● **WORK INSTRUCTION**
Would you copy the lines below exactly and omit the images?

● **DATA SECTION**
────
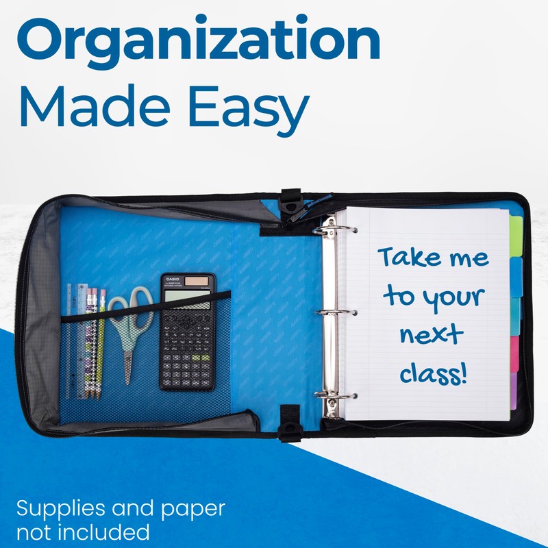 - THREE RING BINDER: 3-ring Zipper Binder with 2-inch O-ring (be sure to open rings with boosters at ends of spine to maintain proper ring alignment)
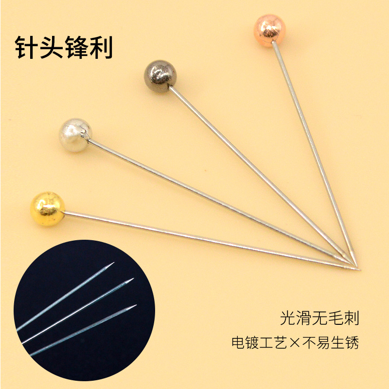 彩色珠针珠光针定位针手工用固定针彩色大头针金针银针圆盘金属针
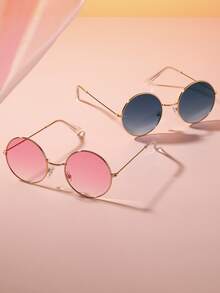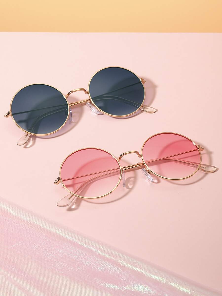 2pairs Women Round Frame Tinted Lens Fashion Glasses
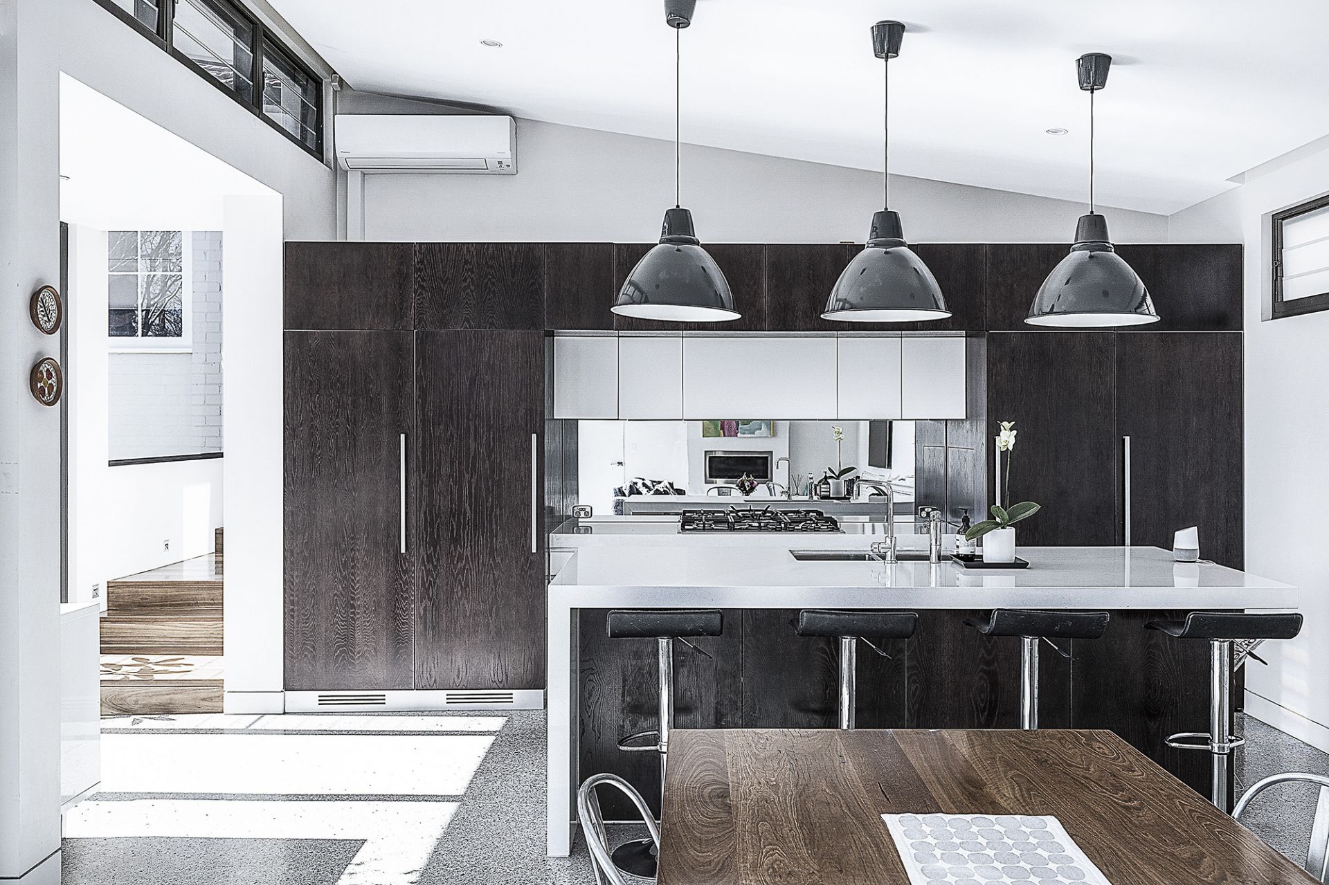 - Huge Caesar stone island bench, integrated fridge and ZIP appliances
────
● **WRITTEN SOLUTION**
 - THREE RING BINDER: 3-ring Zipper Binder with 2-inch O-ring (be sure to open rings with boosters at ends of spine to maintain proper ring alignment)
 彩色珠针珠光针定位针手工用固定针彩色大头针金针银针圆盘金属针
 2pairs Women Round Frame Tinted Lens Fashion Glasses
 - Huge Caesar stone island bench, integrated fridge and ZIP appliances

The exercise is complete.